The interventions tested in a pragmatic trial should not require a complex structure for implementation. The study design should incorporate rigorous controls, prospectively identified and preferably randomized. The monitoring and outcome assessment should be as simple as possible and potentially use electronic health records. And finally, the research question to be answered should be important—to patients, payers, and health care delivery systems.

Two of the Collaboratory studies will address pain management. The LIRE study, a partnership with the National Institute of Arthritis and Musculoskeletal and Skin Diseases and a number of Health Maintenance Organizations, looks at the impact of more detailed radiology reports for back pain imaging studies on subsequent use of resources. The second partnership, a study called PPACT, which involves a number of Kaiser health systems, with oversight from the National Institute on Drug Abuse and the National Institute of Neurological Disorders and Stroke, will examine the impact of an integrated pain management strategy implemented in primary care practices.

This type of research represents a paradigm shift in clinical research. These trials are rigorous randomized studies, but performed in real-world settings with the practical goal of testing the effectiveness of practical approaches. We at NCCAM, like our colleagues at many other NIH Institutes and Centers, are eagerly watching the progress of the Collaboratory projects, not only because of our involvement, but because we hope the lessons being learned will help us and our grantees move clinical research forward.

Comments

Comments are now closed for this post.

Thanks for sharing, Dr.
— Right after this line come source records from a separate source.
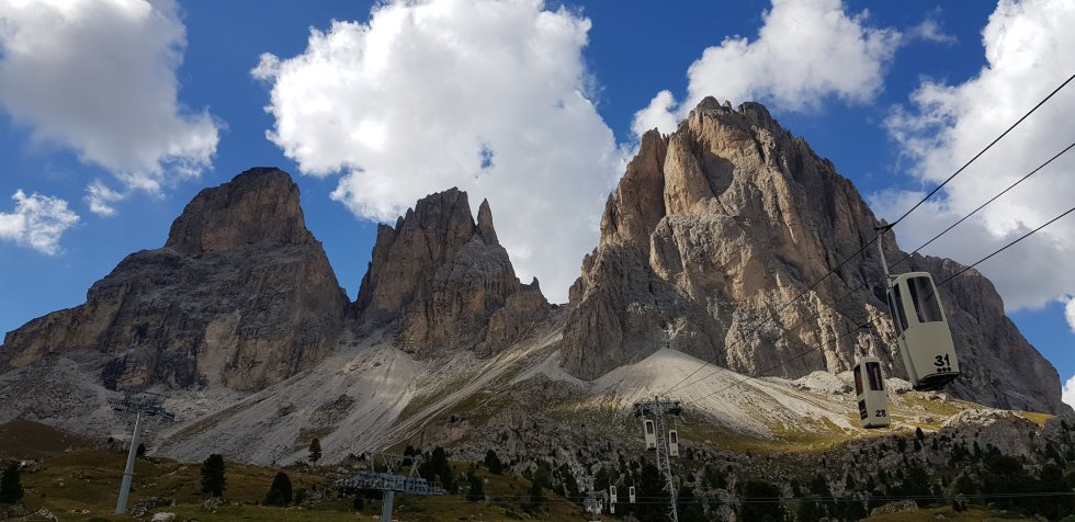The first cable car is easy enough. It takes us to the peak of Piz Sefeur. Even at this level, the Dolomites are breathtaking. We’re surrounded by mountains on all sides, snow capped on the far eastern peaks, jagged rock on ours.
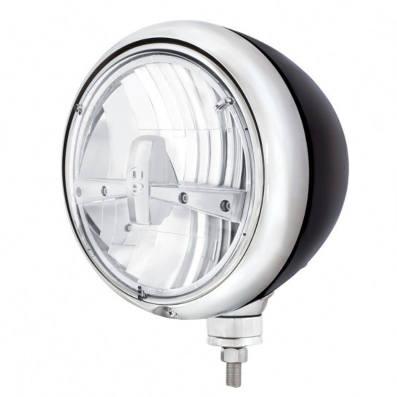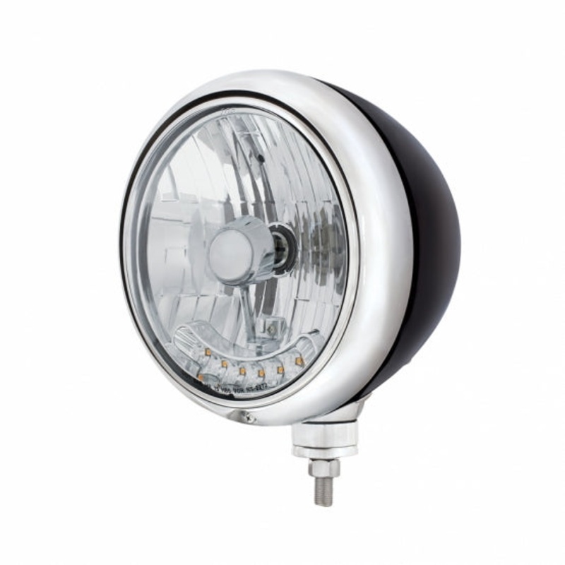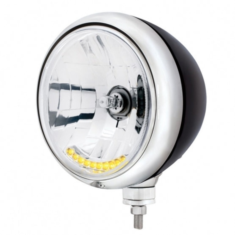 Black Guide 682-C Style Headlight 6014 & LED Turn Signal – Clear Lens
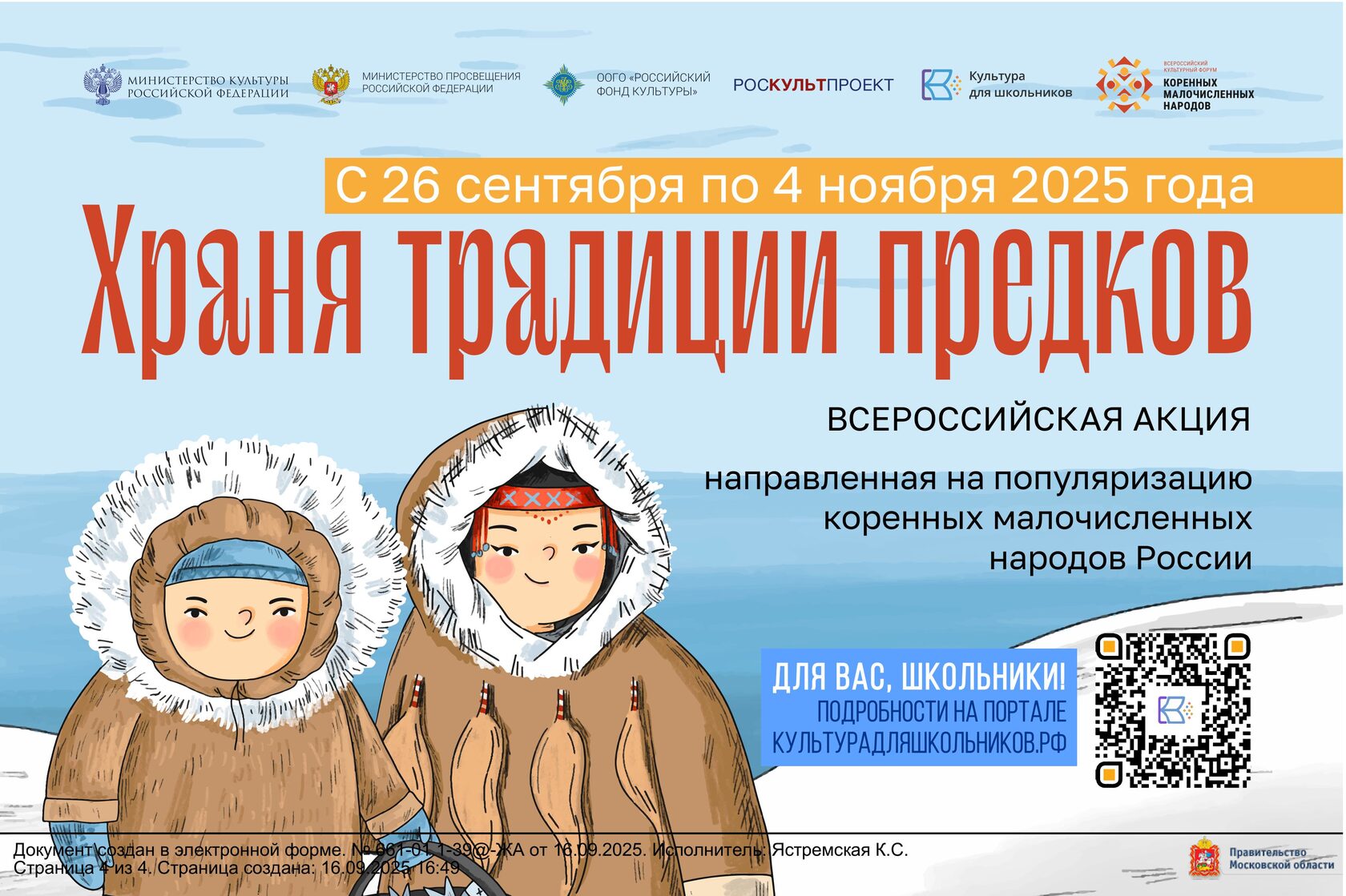 Всероссийская акция «Храня традиции предков», организованная в рамках проекта «Культура для школьников» и Всероссийского культурного форума коренных малочисленных народов России

Briggs.As for the PPACT study, what “integrated pain management” strategies are being utilized and studied?Toward our good health and wellbeing…all the best, John

The more information we record about our lifestyles, medical and alternative treatments, and outcomes in digital medical records, the more opportunity we’ll have to find interventions that work.It will be a new paradigm for health research, but one that will reap huge dividends.

Thank you for this update on complementary medical research.  The concept of pragmatic trials, as you describe it, seems the perfect solution to inform patients and clinicians in order that they may make the best choices between the many alternative and complementary options available.

@John Russo - The integrated pain management strategy that will be used in the Pain Program for Active Coping and Training (PPACT)  is a primary care-based intervention involving the integration of physical therapy and behavioral health. For more information, please see the ClinicalTrials.gov description of PPACT at http://clinicaltrials.gov/show/NCT01888146.

Forgive me for not having full knowledge in this field, but I’m trying to learn. You state that efficacy studies, which are a step in traditional clinical trials, are undertaken in ideal conditions, with strict monitoring. I assume your trials have strict monitoring also in order to draw clear results, so I come to wonder about the one distinction you have made between research practices - ideal conditions. In my limited understanding drug trial patients receive the tested treatment and then go about their lives in as normal a fashion as their illness will allow. I don’t believe they live in labs like study rats. Can you please clarify what you mean by real world? 

Thank you for the insight about pragmatic trials Dr. Briggs. I was wondering how they compare to clinical trials, and how many patients tested with either procedure will be relevant enough to change the paradigm of practicing alternative medicine over traditional alopathic medicine. Are there any statistics that need to be acomplished in order to proove a particular alternative medicine effectiveness?

While I think the studies mentioned above deserve their funding, how are they either complementary or alternative medicine?  Just like nutrition and exercise, they seem to fall right into standard medical care, whereas the usual CAM (acupuncture, chiropracty, homeopathy / placebo, chi, etc.) fail all well-designed trials as well as lacking scientific and common sense.

I am glad to see a distinction made between what happens in a very controlled enviornment and what happens in the general pubic. This type of information will aide providers and the public in ways that make sense.